Why are they declining?

Habitat destruction is one of the main reasons for the proboscis monkey’s decline, because their homes are being destroyed by logging for palm oil. Many people favour the proboscis monkey’s habitats for farming and settlement, too.

As well as habitat destruction, proboscis monkeys are hunted for food and traditional Chinese medicines. Due to their docile nature, proboscis monkeys are easy prey for hunters who want to use the monkeys’ ‘bezoar stones’, an intestinal secretion, in medicine.

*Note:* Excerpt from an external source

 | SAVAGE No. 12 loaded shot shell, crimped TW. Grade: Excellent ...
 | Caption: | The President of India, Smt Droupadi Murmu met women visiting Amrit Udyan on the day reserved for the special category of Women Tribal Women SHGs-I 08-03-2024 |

World Land Trust is working with their conservation partner HUTAN to limit forest loss in Sabah, and to protect wildlife in that globally recognised Key Biodiversity Area (KBA). By expanding forests through working with local communities to plant trees, HUTAN’s work allows wildlife corridors to be created. Wildlife corridors allow animals to move freely along the Kinabatangan River, without having to interact with people.

Fun facts from the World Land Trust

  1. As well as being agile in trees, the proboscis monkey has been known to leap into the water from heights of up to 50ft!
  2. A proboscis monkey’s stomach has many ‘chambers’, like a cow’s stomach! Each chamber is filled with healthy bacteria, to help the monkey digest their food.
  3. Some male proboscis monkeys have such a big nose that they have to push it out of the way to be able to eat.

Who is the World Land Trust?

Since 1989, World Land Trust (WLT) has been empowering local partners and their communities to save the critically threatened habitats of wildlife around the world.

WLT also has some famous patrons, including Sir David Attenborough!